Effective STL, Item 10, 11
Reference:
http://vsdmars.blogspot.com/2017/10/c-allocator-template-code.html
Back to the main topic:
std::pmr i.e <memory_resource>std::pmr::polymorphic_allocator (value type)
By skimming through the
polymorphic_allocator constructor signature, there's no move constructor, indicates that, it shares resources.
Unlike stateless allocator, polymorphic_allocator doesn't have 'state', but value, which is the value of pointer point to the shared resource. It has state, but immutable state, which is that the pointer to resource is const.
'allocate'/'deallocate' can be marked as 'const', which the data member pointer point's to the shared resource shouldn't be changed.
That is to say, polymorphic_allocator is a Regular type.
Be ware about who owns the memory resource(std::pmr::memory_resource, NOT a value type)?
We can call std::pmr::get_default_resource to get the underneath memory_resource ptr.
--------------------------------------------------------
For stateless allocator:
An allocator object represents a source of memory.
Now for valued allocator:
An allocator value(aka. ptr to memory_resource) represents a handle to a source of memory.
class My_Resource : public memory_resource{
// non-const since change states
void *do_allocate(size_t bytes, size_t align) override {
return ::operator new(bytes, std::align_val_t(align));
}
// non-const since change states
void do_deallocate(void *p, size_t bytes, size_t align) override {
::operator delete(p, bytes, std::align_val_t(align));
}
bool do_is_equal(const memory_resource& rhs) const noexcept override {
return (this == &rhs); // God, no dynamic_cast for '==', never!
}
};
inline memory_resource *get_my_resource() noexcept {
static My_Resource instance; // thread safe
return &instance;
}
std::pmr::polymorphic_allocator internally will store the value of a pointer point to memory_resource, which is a word(64 bits) in 64bit machine, which means there are as much as 2^64 distinct memory_resource can be used.
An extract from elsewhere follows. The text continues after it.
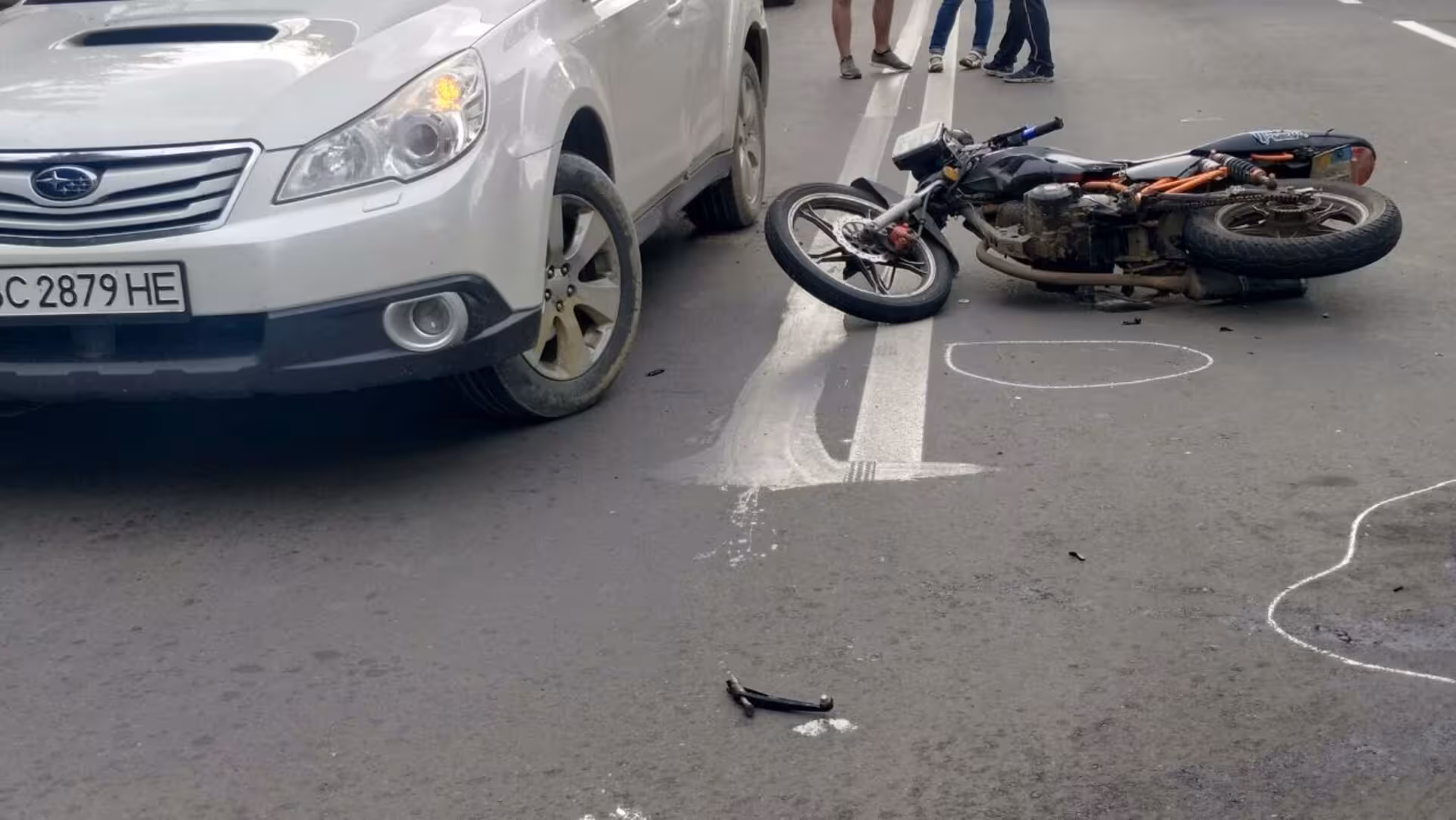 «Один з учасників аварії, автомобіль марки »Volkswagen Tiguan« рухаючись вулицею Стрийською виконував маневр. Мотоцикліст, який їхав за ним, уникаючи зіткнення виїхав на смугу зустрічного руху і зіштовхнувся з автомобілем »SUBARU Outback«. Автомобілі значних ушкоджень не отримали, більше постраждав мотоцикл», — повідомив кореспондент.

Why std::pmr::polymorphic_allocator taking memory_resource as pointer instead of reference?
Be careful that if passing a local resource by reference, it dangerous. It's hard to see inside the callee that the reference it's lifetime/ownership. However, if passing as pointer, the engineer should know to be aware that it's lifetime/ownership.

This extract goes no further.